Evaluation on MMLU, GSM8K, HumanEval, and various multimodal/agentic tasks. MSA-PT (trained from scratch) and MSA-CPT (continued pretraining) remain broadly competitive with the Full-Attention baseline.

Why use block-level selection instead of token-level selection?

Fine-grained token-level selection is difficult to map efficiently to GPU matrix operations; block-level selection allows for regular, contiguous memory access that better utilizes tensor cores.

How does the model learn to select relevant blocks if the selection process is non-differentiable?

The Index Branch is trained using an auxiliary KL alignment loss that forces it to match the attention distribution of the Main Branch, effectively distilling the "importance" of blocks into the indexer.

The Long-Context Bottleneck

Ultra‑long contexts are essential, yet dense attention’s quadratic cost blocks million‑token LLMs.
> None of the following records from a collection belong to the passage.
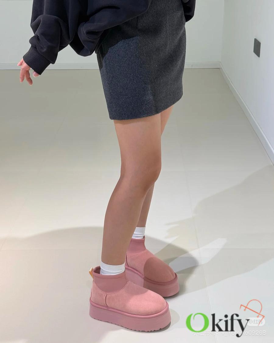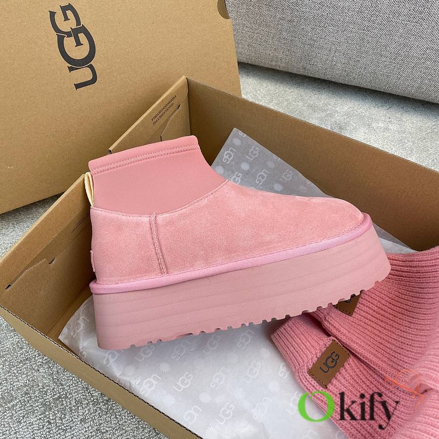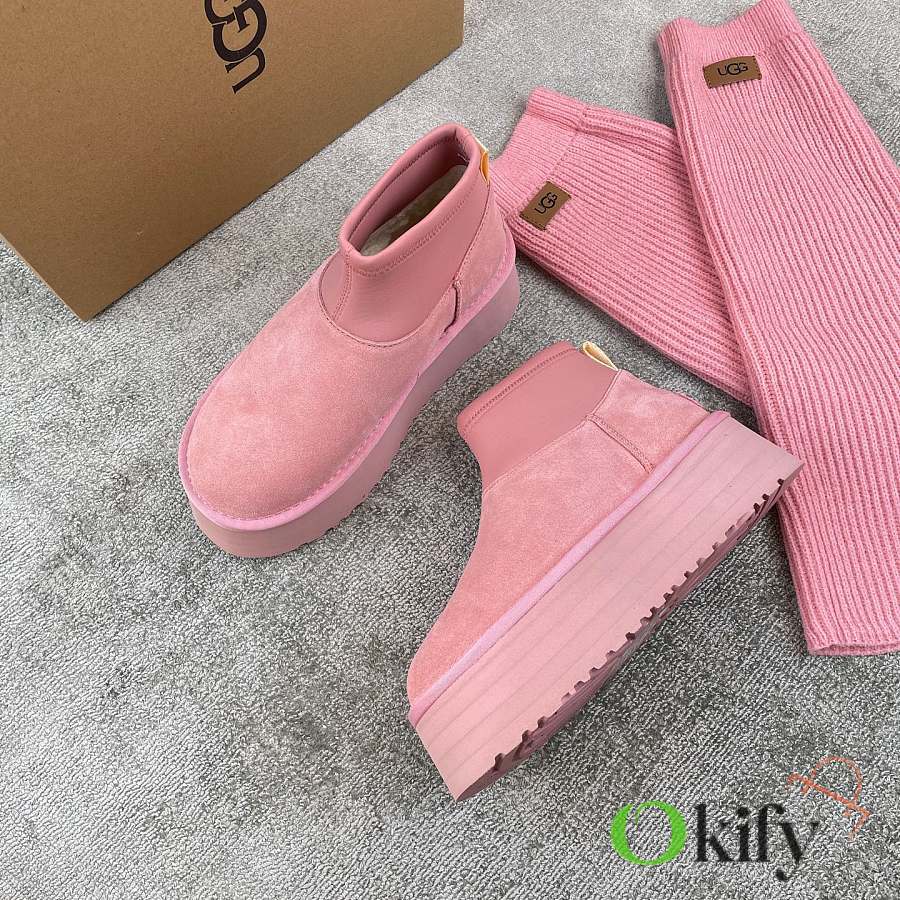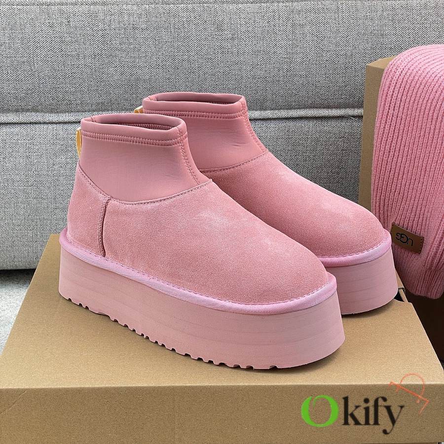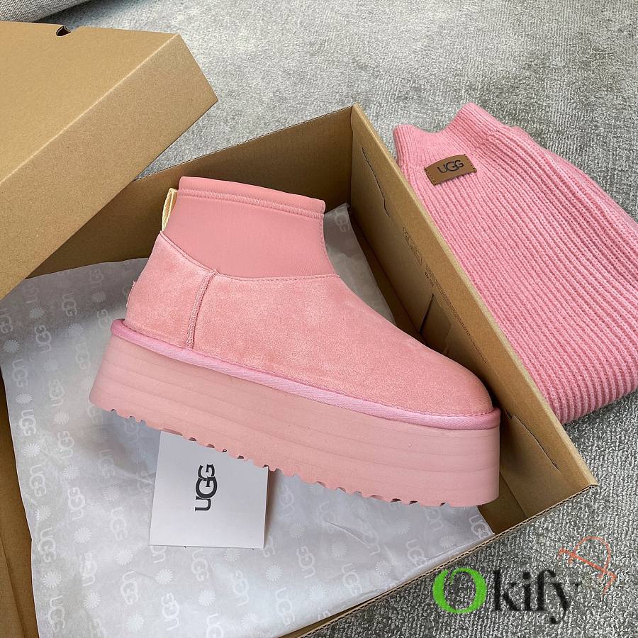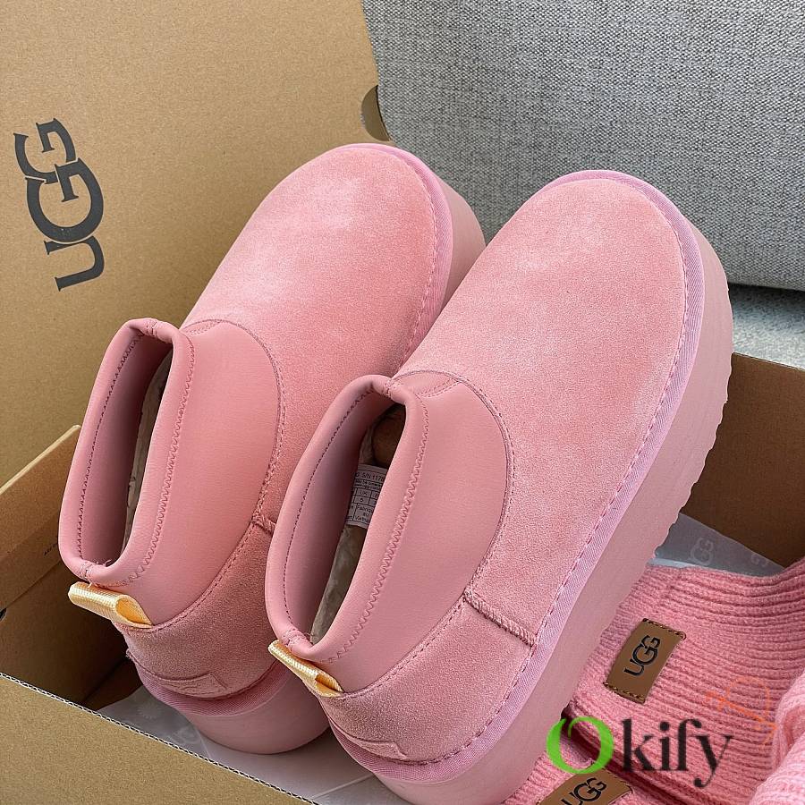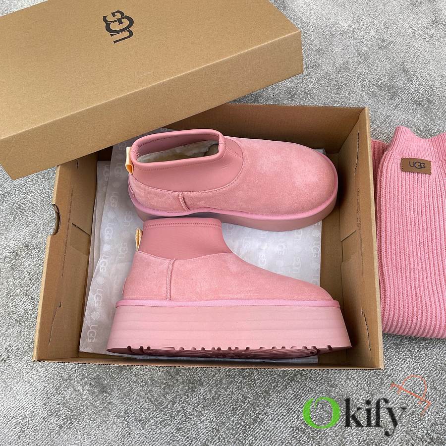 These 2025 new Ugg pink sock-like boots are two-in-one, incredibly stylish. Paired with pink knitted socks, they're sweet and adorable, instantly boosting your cuteness level. They also provide a significant height boost, with a thick, warm sheepskin lining that offers excellent insulation and a sense of security, perfect for autumn and winter. A must-have for petite women. Made with premium sheepskin from Longfeng, featuring a sunflower-patterned foam sole and wool insole. A top-tier import, adhering to original design principles, produced entirely in a dust-free workshop with four QC processes. We welcome comparison with official stores for the perfect fit, details, and workmanship! Material: Fur-lined foam outsole
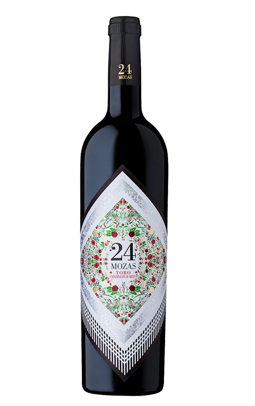 Con el vino ‘24 mozas’ rendimos homenaje a la ciudad de Toro y su rico folclore. Las 24 mozas protagonizan la copla ‘Tío Babú’, una canción en la que se relata la historia de una tradicional boda toresana a la que no “iban 24, iban 25 porque iba la novia”. Los históricos viñedos de la Vega de Toro y la melodía de ‘Tío Babú’ resurgen al descorchar cada botella de nuestro crianza ’24 mozas’ . Su etiqueta ilustrada con un manto de mantilla floreado que forma parte de la indumentaria femenina típica de la zona. Apto para disfrutar desde el momento de la compra, tiene también un buen potencial de guarda.
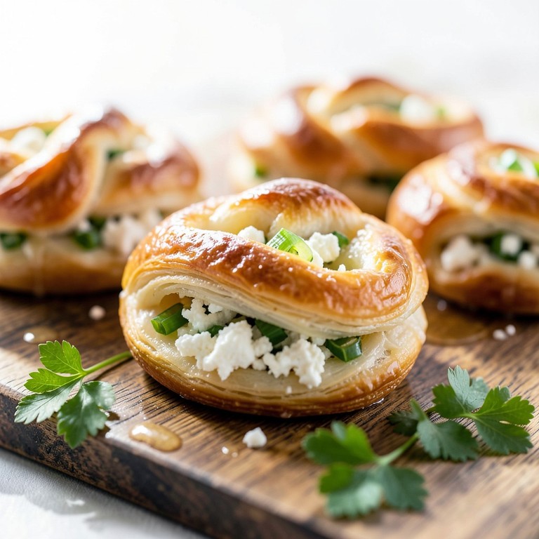 A buttery, enriched yeast pastry braided to perfection, featuring a savory and tangy filling of crumbled feta cheese, fresh scallions, and herbs.
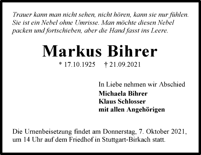 Hier finden Sie alle Traueranzeigen aus der Zeitung, die bisher für Markus Bihrer erschienen sind. Weitere Traueranzeigen, die in der Zeitung erscheinen, werden hier ebenfalls aufgelistet
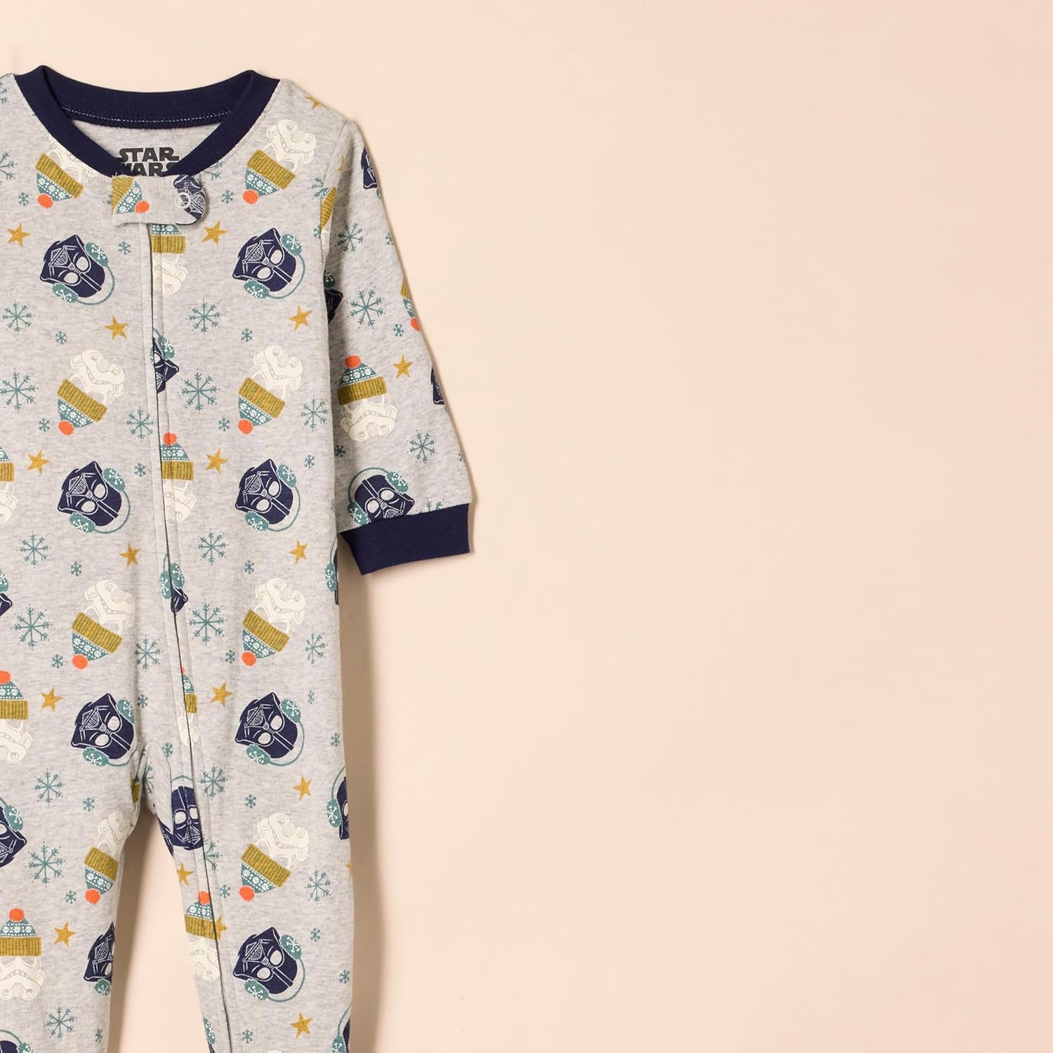 Amazon Essentials Disney | Marvel | Star Wars Unisex Babies' and Toddlers' Snug-Fit Cotton Footed Pajamas, Multipacks

Ultra‑long contexts are essential for modern LLM applications such as agentic workflows, code reasoning, and persistent memory, but softmax attention’s quadratic compute makes them infeasible at deployment scale. This quadratic scaling is the primary barrier to reaching million‑token contexts. MiniMax Sparse Attention (MSA) addresses this by adding a lightweight Index Branch that scores and selects top‑k key‑value blocks per GQA group, while the Main Branch performs exact block‑sparse attention only on those blocks, yielding a 28.4× reduction in per‑token compute and 14.2× prefill / 7.6× decoding speedups on a 109 B model.

**Figure 14.** Perplexity comparison between MSA and a FLOP-matched sliding-window baseline on downstream agent-oriented evaluations. Lower Perplexity indicates better modeling performance under the same sparse selection budget.
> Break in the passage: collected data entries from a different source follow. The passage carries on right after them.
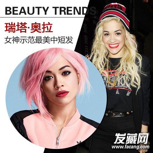 流行歌手瑞塔·奥拉一头粉色短发十分抢镜,Rita Ora一向都是时髦一派先行者,这款大胆粉色染发把她的摇滚气质展现得淋漓尽致,与红唇形成鲜明对比,更加吸睛。
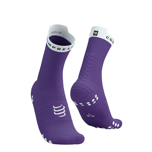 • De Pro Racing Socks V4.0 Run High zijn comfortabele, hoge compressiesokken die ideaal te gebruiken zijn voor je dagelijkse run. Ze bevatten siliconen inzetstukken rond de binnenkant van de zoom die voorkomen dat de sok naar beneden glijdt.
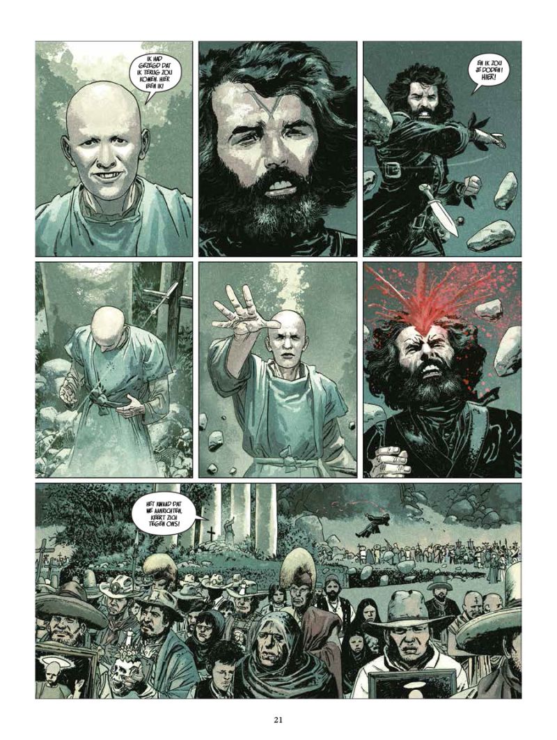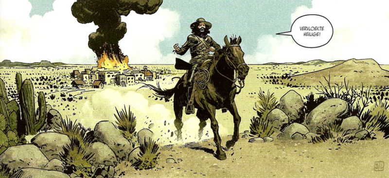 Jodorowsky begint het boek met zichzelf op de borst te kloppen in een kort inleidend stukje waarin hij zichzelf duidt als iemand die buiten de lijntjes kleurt. Omdat de man een resem kwalitatieve dingen gemaakt heeft zien we zijn licht arrogante toontje door de vingers. ‘De Zonen van El Topo’ had eigenlijk een film moeten worden, maar het budget is nooit rond geraakt. Jodorowsky licht toe dat hij het verhaal zo geschreven heeft dat het leest als de film die het had moeten zijn. Door in een rooster te werken met slechts drie banden slaagt hij wonderwel in zijn opzet. Dit boek is in sé een religieuze western en die lay-out zorgt er ook voor dat de weidse taferelen van tekenaar Ladrönn perfect tot hun recht komen.
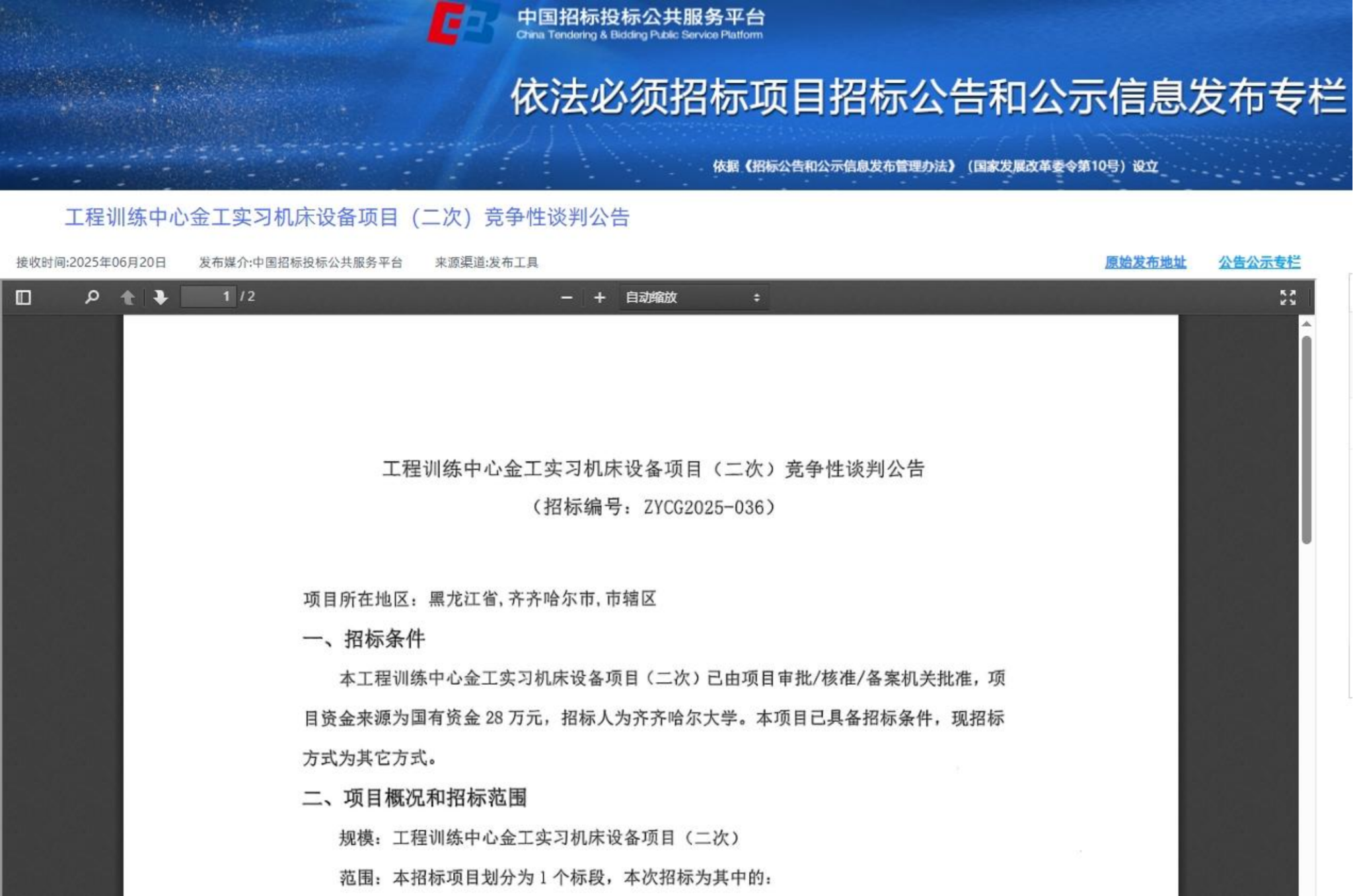 下一条:齐齐哈尔大学清冰雪服务-流标(三次)公告(转自中国招标投标公共服务平台)
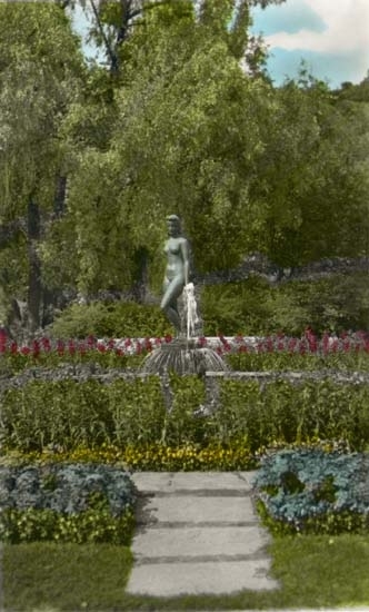 Tryckt text på kortet: "Uddevalla. Margaretgärde, Flickan med flätor."
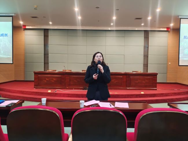 经济管理学院学工办主任严潇睿为大家作《感恩·热爱》主题报告。她和大家分享了其21年来开展学生工作的体会,比如要根据学生的差异性因材施教,要注重与学生面对面开展交流谈心等等。她总结到,辅导员要以爱心、信任为基石,以耐心、细心为桥梁,切实做到“脑中有思,眼里有光、心中有爱、手中有法、脚下有力”,才能真正成为学生成长成才路上的人生导师和知心朋友。

Quadratic scaling of dense attention is the main obstacle to million‑token contexts.

Foundations of Causal Attention

Key background on causal attention, grouped‑query attention, and the two‑stage sparse attention formulation.
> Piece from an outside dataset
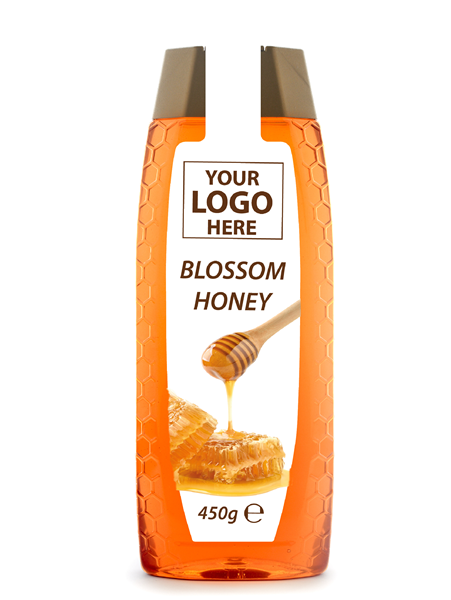 Dosificador de miel de 450g. Podrás adquirirlo con nuestras marcas o ¡desarrollar la tuya!
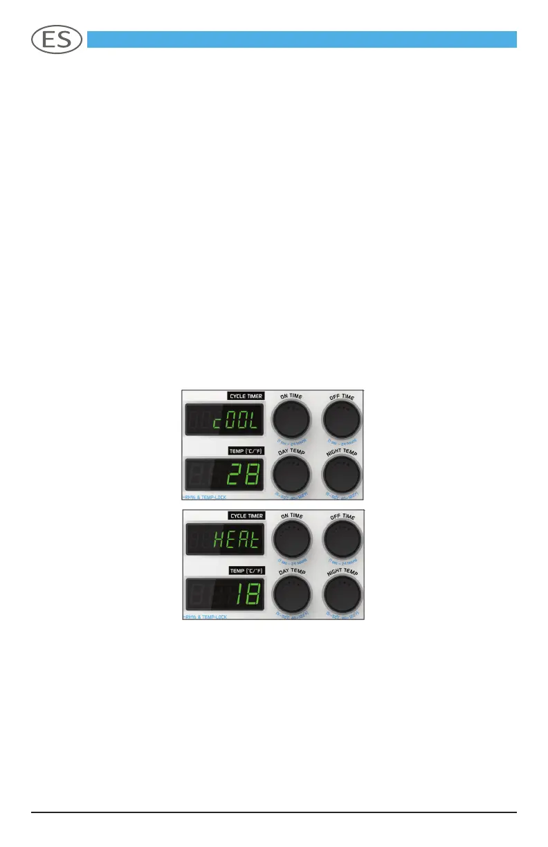 mostrará “COOL”. Para modificar la configuración, gire el selector de función DAY TEMP hasta la

Causal (autoregressive) attention computes each token’s output as a weighted sum of all previous token values, using a softmax over dot‑product scores. This operation costs $\Theta(H_q N\, d_h)$ FLOPs, growing quadratically with the sequence length $N$.

GQA groups $G$ query heads to share a single key‑value head, cutting the number of KV heads while keeping each query head’s representation.

How does GQA differ from standard multi‑head attention?

Standard multi‑head attention gives each query head its own distinct key‑value head, incurring $H_q$ separate KV projections. GQA ties $G$ query heads to a single KV head, so only $H_{kv}=H_q/G$ KV projections are performed, saving compute while still allowing each query head to attend independently.

Sparse attention is implemented as a two‑stage process: an indexer selects a subset of keys for each query (the Index Branch), and attention is computed only over those selected keys (the Main Branch).

The MSA Mechanism

MSA replaces dense attention with a lightweight index that selects key blocks for focused computation.

Dense causal attention costs $O(N^2)$ operations, most of which attend to irrelevant tokens.

MSA splits attention into a fast Index Branch that picks a few key blocks, and a Main Branch that computes full softmax only on those blocks.

Index Branch projects $X$ to $\text{idx}_q\in\mathbb{R}^{4\times2\times d_{\text{idx}}}$ and $\text{idx}_k\in\mathbb{R}^{4\times1\times d_{\text{idx}}}$ with $d_{\text{idx}}\!\ll\!d_h$.

For each group $r$, block scores $M^{\text{idx}}_{r,i,b}$ are max‑pooled over tokens in each block, respecting causality ($j\le i$).

Top‑$k$ selects the block containing the query token (the local block) as $I_r(i)$.

Main Branch computes softmax attention only over the two tokens in the chosen block, producing $O_{h,i}$.

The output combines the heads and passes through the final projection, yielding the same shape as dense attention.

Even with a tiny context, the indexer learns to keep the query’s own block and discards distant tokens, preserving local information while cutting compute.

A lightweight head projects the hidden states to a low‑dimensional space, scores each block, and picks the top‑$k$ blocks per GQA group.

How is the Index Branch different from running a full‑resolution attention scorer?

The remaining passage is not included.